Segment Start: RECORDS FOR THIS EXERCISE

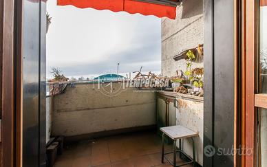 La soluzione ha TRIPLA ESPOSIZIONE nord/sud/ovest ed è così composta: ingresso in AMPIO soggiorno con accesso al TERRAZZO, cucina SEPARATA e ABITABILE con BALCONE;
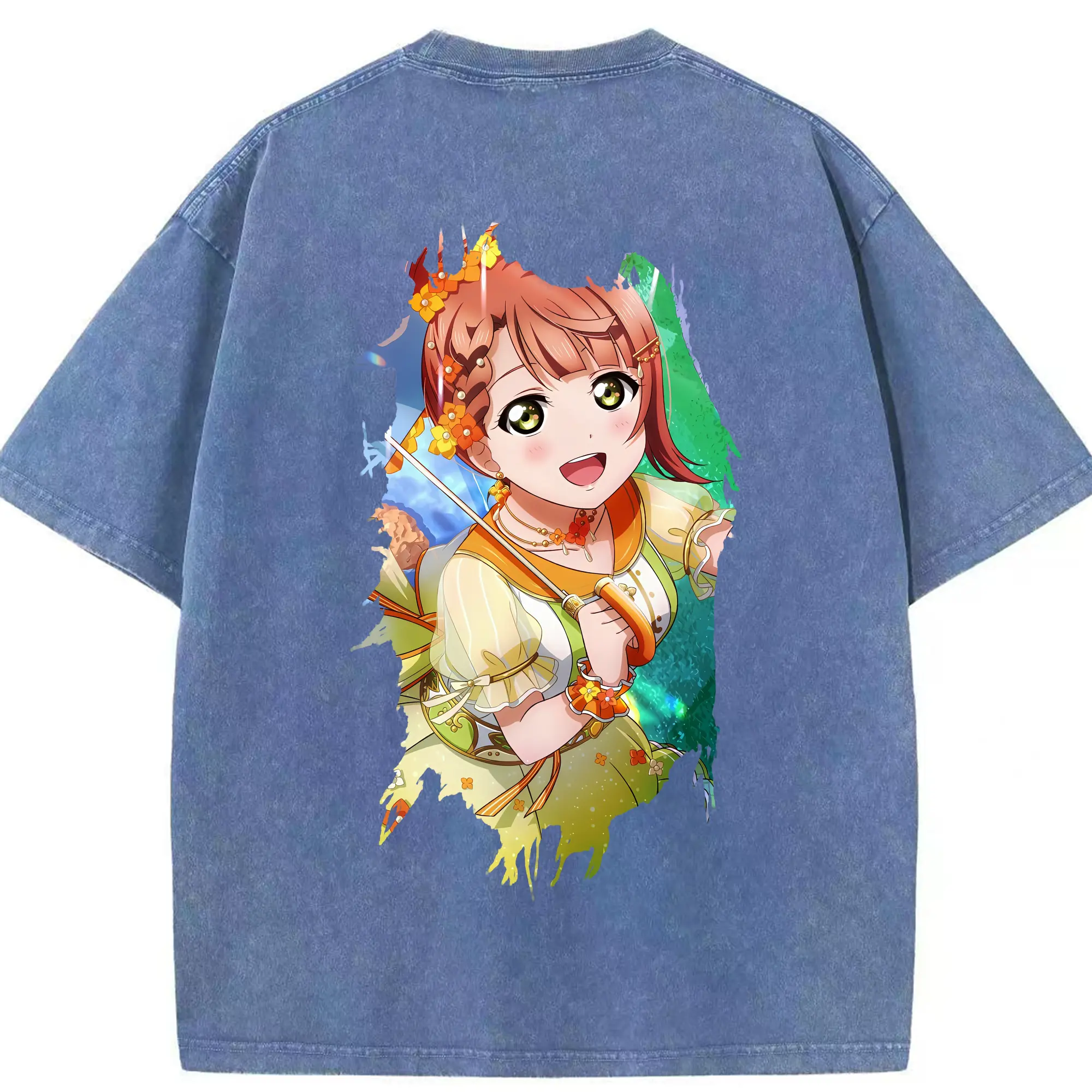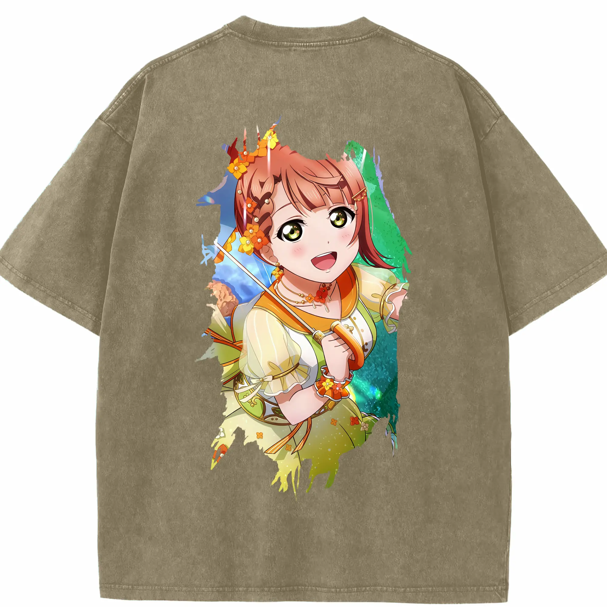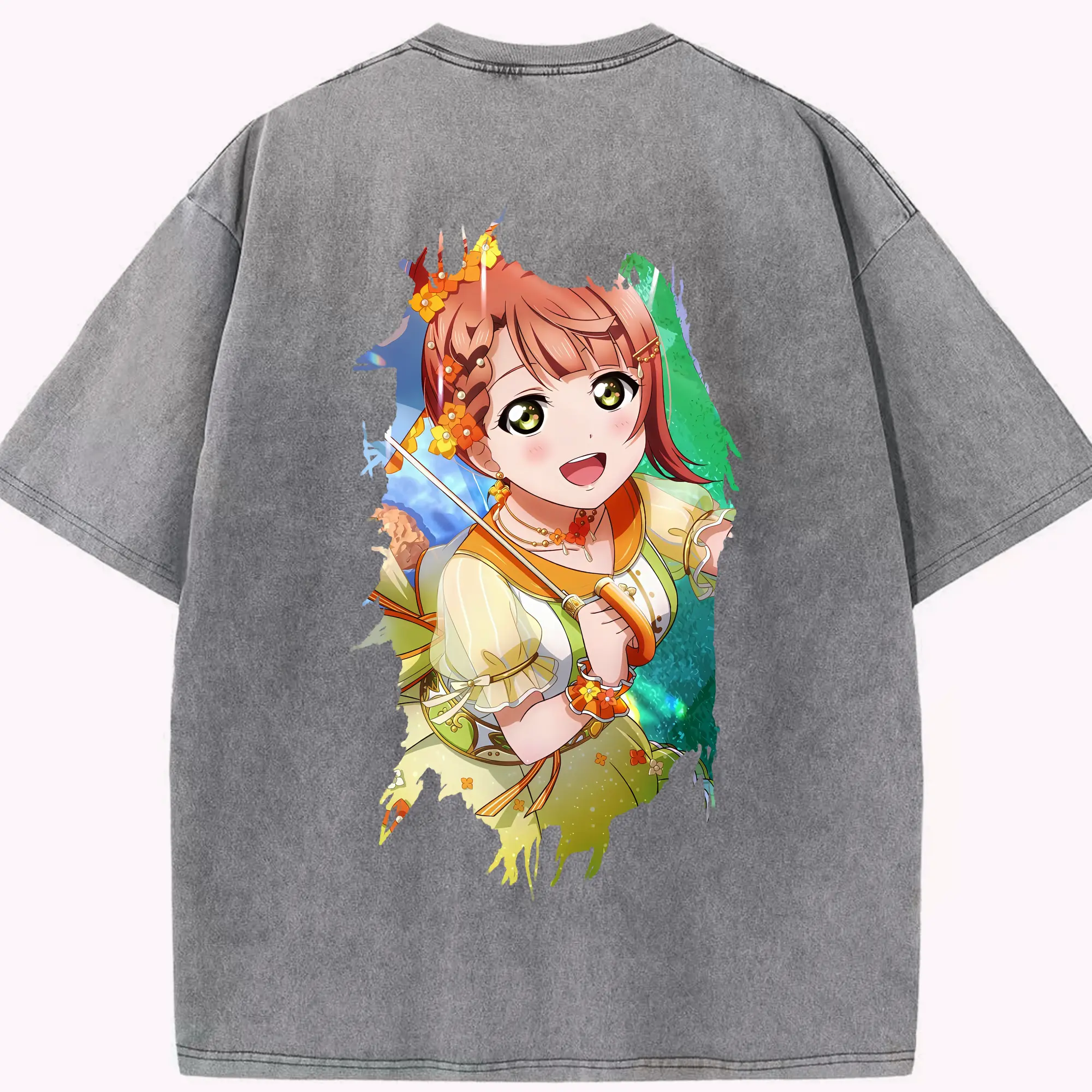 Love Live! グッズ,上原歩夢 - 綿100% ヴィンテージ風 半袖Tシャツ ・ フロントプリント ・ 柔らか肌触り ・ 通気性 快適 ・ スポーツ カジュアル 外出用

Segment End: RECORDS FOR THIS EXERCISE
Segment Start: RECORDS FOR THIS EXERCISE

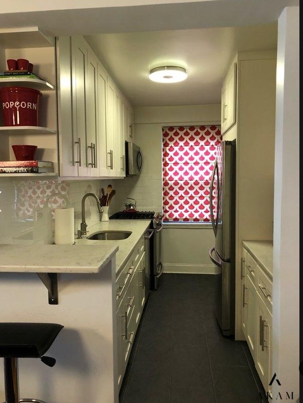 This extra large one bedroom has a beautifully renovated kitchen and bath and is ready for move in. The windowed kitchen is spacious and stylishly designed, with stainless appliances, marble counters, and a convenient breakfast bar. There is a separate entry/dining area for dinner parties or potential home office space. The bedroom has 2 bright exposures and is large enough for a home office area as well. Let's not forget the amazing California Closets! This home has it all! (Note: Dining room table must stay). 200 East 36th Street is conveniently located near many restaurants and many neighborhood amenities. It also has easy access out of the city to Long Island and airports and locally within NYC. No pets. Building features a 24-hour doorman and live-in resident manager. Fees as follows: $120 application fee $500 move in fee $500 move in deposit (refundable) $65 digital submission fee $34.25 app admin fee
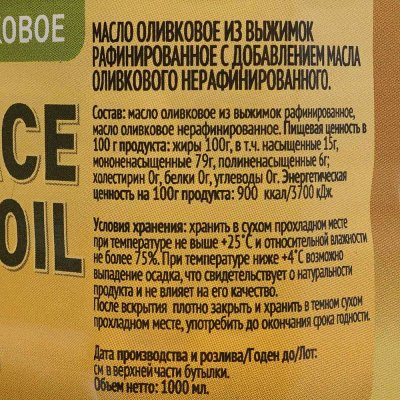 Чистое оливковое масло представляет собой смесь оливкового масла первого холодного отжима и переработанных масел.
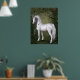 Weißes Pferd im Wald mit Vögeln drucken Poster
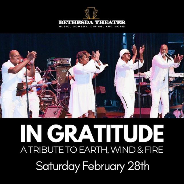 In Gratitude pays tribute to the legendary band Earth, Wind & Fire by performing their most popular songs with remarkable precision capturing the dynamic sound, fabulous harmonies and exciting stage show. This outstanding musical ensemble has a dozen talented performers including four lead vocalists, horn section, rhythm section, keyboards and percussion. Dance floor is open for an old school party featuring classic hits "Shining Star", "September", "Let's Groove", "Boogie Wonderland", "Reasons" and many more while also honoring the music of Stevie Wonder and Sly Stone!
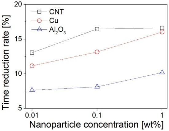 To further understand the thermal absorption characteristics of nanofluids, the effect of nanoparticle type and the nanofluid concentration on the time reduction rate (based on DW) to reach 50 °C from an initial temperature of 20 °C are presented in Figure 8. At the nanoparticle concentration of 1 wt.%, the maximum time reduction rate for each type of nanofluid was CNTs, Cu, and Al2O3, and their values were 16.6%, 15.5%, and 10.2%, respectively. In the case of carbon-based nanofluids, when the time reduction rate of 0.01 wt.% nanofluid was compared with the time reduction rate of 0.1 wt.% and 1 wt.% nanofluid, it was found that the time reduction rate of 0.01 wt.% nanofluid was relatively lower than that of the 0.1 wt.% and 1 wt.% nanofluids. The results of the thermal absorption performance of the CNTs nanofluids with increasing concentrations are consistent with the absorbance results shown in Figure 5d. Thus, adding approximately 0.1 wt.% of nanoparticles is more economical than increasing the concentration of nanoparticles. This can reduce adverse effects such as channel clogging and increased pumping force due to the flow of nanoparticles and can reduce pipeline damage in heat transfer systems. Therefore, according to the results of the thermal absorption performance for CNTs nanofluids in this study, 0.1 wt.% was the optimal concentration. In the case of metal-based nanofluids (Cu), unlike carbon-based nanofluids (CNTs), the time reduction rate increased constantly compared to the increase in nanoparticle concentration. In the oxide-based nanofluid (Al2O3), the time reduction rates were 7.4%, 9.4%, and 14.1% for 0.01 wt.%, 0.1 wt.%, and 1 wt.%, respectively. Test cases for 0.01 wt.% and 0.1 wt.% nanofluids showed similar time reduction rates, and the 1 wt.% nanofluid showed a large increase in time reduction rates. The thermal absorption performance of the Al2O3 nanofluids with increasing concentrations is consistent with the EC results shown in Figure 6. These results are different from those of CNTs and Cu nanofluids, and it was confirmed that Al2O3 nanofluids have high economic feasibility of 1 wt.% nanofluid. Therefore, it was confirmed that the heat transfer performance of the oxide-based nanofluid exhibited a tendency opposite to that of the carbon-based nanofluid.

Segment End: RECORDS FOR THIS EXERCISE

_GOAL OF THE EXERCISE_.
With pictures omitted, repeat the entries above word for word from the line holding "Чистое оливковое масло" down to the line holding "In Gratitude pays", keeping both of those lines.

_ANSWER TO THE PROBLEM_.
 Чистое оливковое масло представляет собой смесь оливкового масла первого холодного отжима и переработанных масел.
 Weißes Pferd im Wald mit Vögeln drucken Poster
 In Gratitude pays tribute to the legendary band Earth, Wind & Fire by performing their most popular songs with remarkable precision capturing the dynamic sound, fabulous harmonies and exciting stage show. This outstanding musical ensemble has a dozen talented performers including four lead vocalists, horn section, rhythm section, keyboards and percussion. Dance floor is open for an old school party featuring classic hits "Shining Star", "September", "Let's Groove", "Boogie Wonderland", "Reasons" and many more while also honoring the music of Stevie Wonder and Sly Stone!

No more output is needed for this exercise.